Search code examples
scalamemory-managementmemory-leaksprofiler

Dot product in Scala without heap allocation


I have a Scala project with some intensive arithmetics, and it sometimes allocates Floats faster than the GC can clean them up. (This is not about memory leaks caused by retained references, just fast memory consumption for temporary values.) I try to use Arrays with primitive types, and reuse them when I can, but still some new allocations sneak in.

One piece that puzzles me, for instance:

import org.specs2.mutable.Specification

class CalcTest extends Specification {

  def dot(a: Array[Float], b: Array[Float]): Float = {
    require(a.length == b.length, "array size mismatch")
    val n = a.length
    var sum: Float = 0f
    var i = 0
    while (i < n) {
      sum += a(i) * b(i)
      i += 1
    }
    sum
  }

  val vector = Array.tabulate(1000)(_.toFloat)

  "calculation" should {
    "use memory sparingly" >> {
      val before = Runtime.getRuntime().freeMemory()

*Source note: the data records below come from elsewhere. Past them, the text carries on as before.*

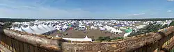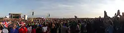 The Jamboree was held on the fields of Rinkaby. In 2001, a national Jamboree took place here with 26,700 participants, and another national Jamboree, Jiingijamborii was held here from 14–22 July 2007.[5] The camp area itself lies near the coast on sandy ground surrounded by pine woods. Sandy earth helps rainwater runoff and thus there is no risk of any parts of the camp area being waterlogged. The campsite is approximately 1.5 km by 1.5 km. Small areas of forest divide the campsite into smaller fields.[5] The temperature is varying, average day temperature in the period is 22 degrees Celsius (72 °F), average night temperature is 17 °C (63 °F). The sun rises at 5 o'clock in the morning (05:00). Sunset is at 9 in the evening (or 21:00). Drinking water is available from wells at the field. There is already an extensive water and power system in the ground, dimensioned with the World Scout Jamboree in mind.[5] In the southern part of the field there is space for the arena with a natural amphitheatre.[5] There are sandy beaches near the camp area with sand dunes formed by the wind, creating their own particular type of landscape. The camp organised shuttle buses to the beach.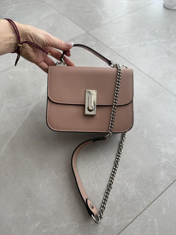 Продам сумочку в крутом цвете пудры. Имеет две ручки, маленькую и пасок из цепочки. Имеет небольшой дефект, царапину в коже, но при закрытом состоянии не заметно. Лишь когда открываете сумочку Размеры :ширина 19,5*длина 16*глубина 7 Длина ручки длинной 54 см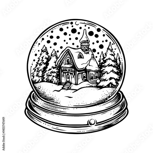 Hand-drawn snow globe with winter cabin and pine trees on white background.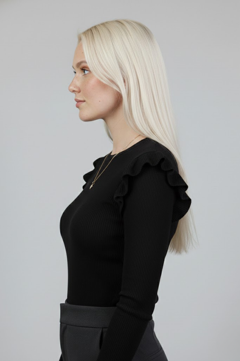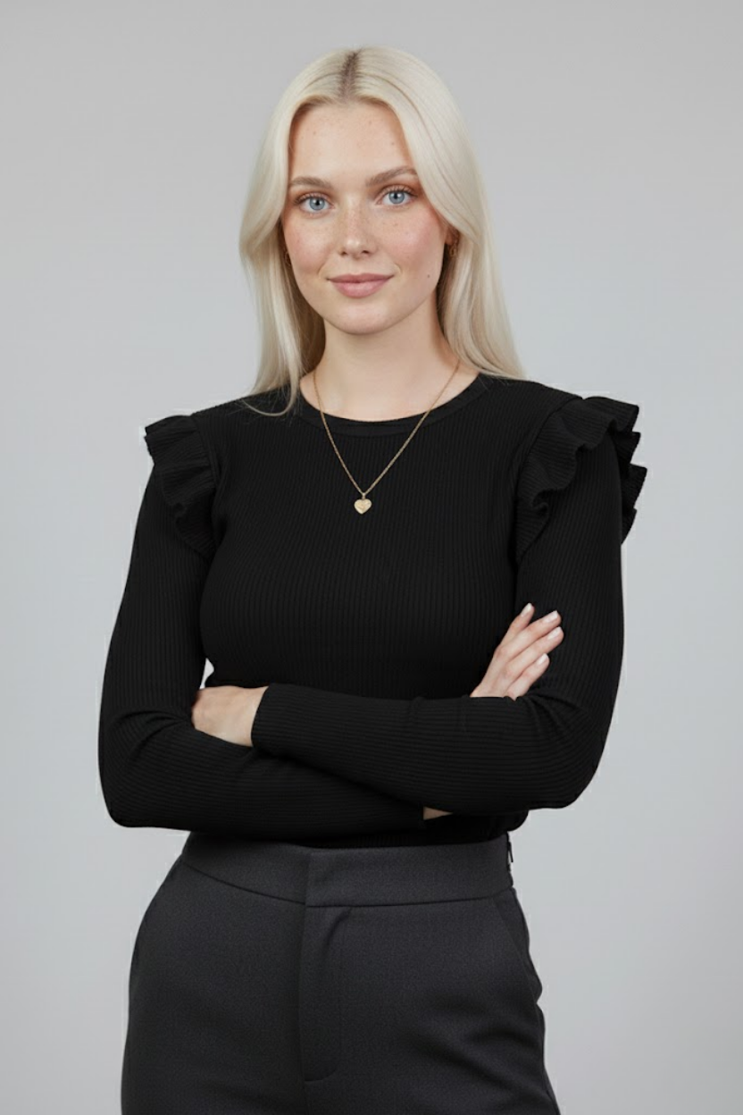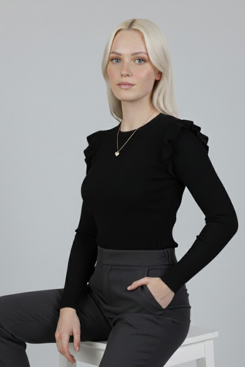 Siyah Kaşkorse Uzun Kollu Fırfırlı Omuz Detaylı Pamuklu Ribana Bluz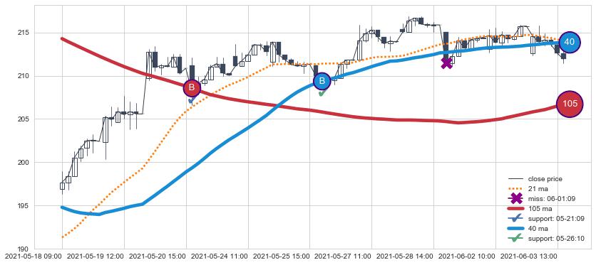 上涨趋势05-18 09:00-06-03 14:00,均线40, 105确认关键支撑2处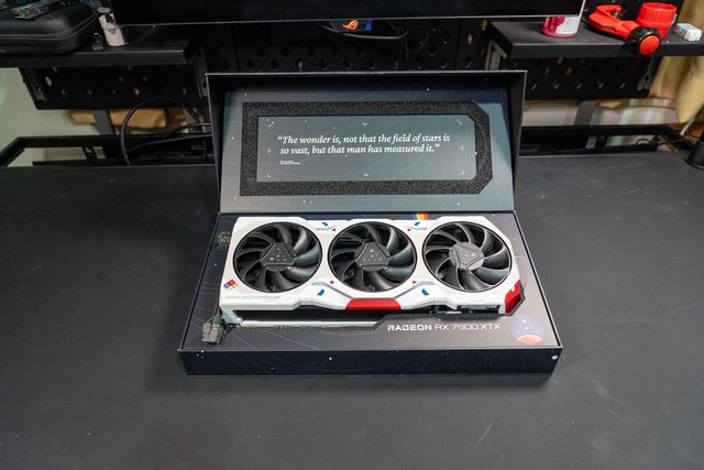 而7900XTX的部分就比較精緻,外盒包裝與卡本身都是特殊skin。

      for (i <- 0 to 1000000)
        dot(vector, vector)

      val after = Runtime.getRuntime().freeMemory()
      (before - after) must be_<(1000L)  // actual result above 4M
    }
  }
}

I would expect it to compute the dot products using only stack memory, but apparently it allocates about 4 bytes per call on the heap. This may not sound like much, but it adds up quickly in my code.

I was suspecting the sum, but from the bytecode output, looks like it is on the stack:

    aload 1
    arraylength
    istore 3
    fconst_0
    fstore 4
    iconst_0
    istore 5
   l2
    iload 5
    iload 3
    if_icmpge l3
    fload 4
    aload 1
    iload 5
    faload
    aload 2
    iload 5
    faload
    fmul
    fadd
    fstore 4
    iload 5
    iconst_1
    iadd
    istore 5
    _goto l2
   l3
    fload 4
    freturn

Is it the return value that goes on the heap? Is there any way to avoid this overhead entirely? Is there a better way to investigate and solve such memory problems?

From the visualVM output for my project, I only see that i have an awful lot of Floats allocated. It is hard to track there small objects like that, being allocated rapidly. It is more useful for large objects and memory snapshots taken at long intervals.

Update:

I was so focused on the function code, I missed the problem in the test. If I rewrite it with a while loop, it succeeds:

var i = 0
while (i < 1000000) {
  dot(vector, vector)
  i += 1
}

I would still appreciate more ideas for other ways to debug this sort of issues, in addition to tests like this and using visualVM memory snapshots.


Solution

  • Range implementation in

    for (i <- 0 to 1000000)
      dot(vector, vector)
    

    might use some memory, or just be slow enough to let JVM allocate something else in background and break the fragile measurement method used in the test.

    Try to modify these lines into a while loop, for example.

    (The original version of this post said that for() was equivalent to map(), which was wrong. It is equivalent to foreach() here because it does not have a yield clause.)